Disclaimer: Don't expect this package to be full featured and super well maintained. At least for now it was mainly a proof-of-concept for myself.

You'd probably want to install this package as a dev depenendency in your workspace root:

$ yarn add -D workspace-release -W

This package comes with two scripts:

  • workspace-version: You call this one locally in your project to set new versions for your packages. Just run $ yarn workspace-version.
  • workspace-publish: This script will be called by Travis on tag. In simple cases you can just add if [ -n "$TRAVIS_TAG" ]; then node node_modules/.bin/workspace-publish; fi in the scripts section of your .travis.yml for this (see this example). If you have a matrix build (e.g. because you test your package against multiple Node versions) you probably want to create a deploy stage, so that the package will only be deployed, if all tests were successful (see this example). If you need to build you project before publishing make sure to either do it manually before calling workspace-publish or do it in your preversion lifecycle for example.

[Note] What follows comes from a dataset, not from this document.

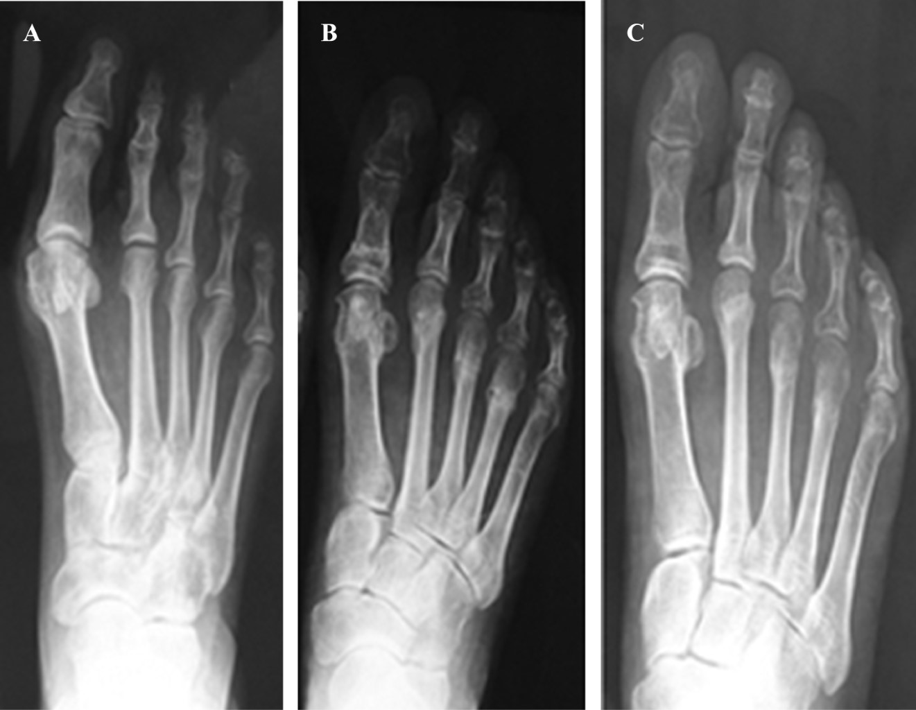 Todos fueron valorados pre- y postquirúrgicamente, fueron intervenidos quirúrgicamente por los cirujanos de nuestro grupo. Dentro de la consulta prequirúrgica se realizó una valoración de la escala funcional validada de la AOFAS, la escala visual análoga del dolor y la movilidad de la primera metatarso-falángica.
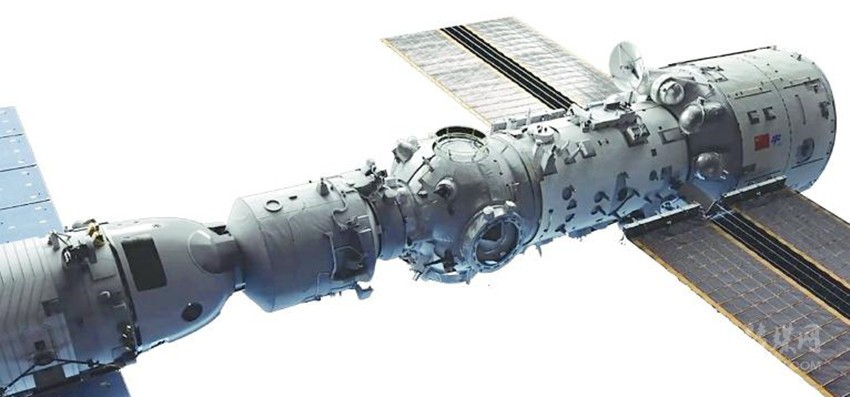 ●飛船成功對接天和核心艙前向端口,與此前已對接的天舟二號貨運飛船一起構(gòu)成三艙(船)組合體

I expect a global environment variable called NPM_TOKEN being available for publishing. You can either add this in the repo configs inside the Travis GUI or you can store it in a secure way with the Travis terminal client (either by following these instructions or by running $ brew install travis on a Mac). Now run $ travis encrypt NPM_TOKEN={YOUR-TOKEN} --add env.global where {YOUR-TOKEN} is this authToken you see in in your .npmrc after you logged into npm at least once. (I also assume that you already created a .travis.yml.) The Travis GUI is my prefered way, so I can update the token without creating new commits. Using the .travis.yml is needed, if you want to use different tokens in different branches.

To change the registry, tag or access use publishConfig in your package.json. If tag is not set, if will be automatically set to 'next' for prereleases (versions containing a '-') and to 'latest' for everything else.

You can look into a basic example here and a more complex example here.

Lifecycle events for $ npm version and $ npm publish are run as usual - but only on Travis' side and not locally.

(Note: This project itself is currently released without workspace-release. It uses plain old $ npm version patch && git push && npm publish.)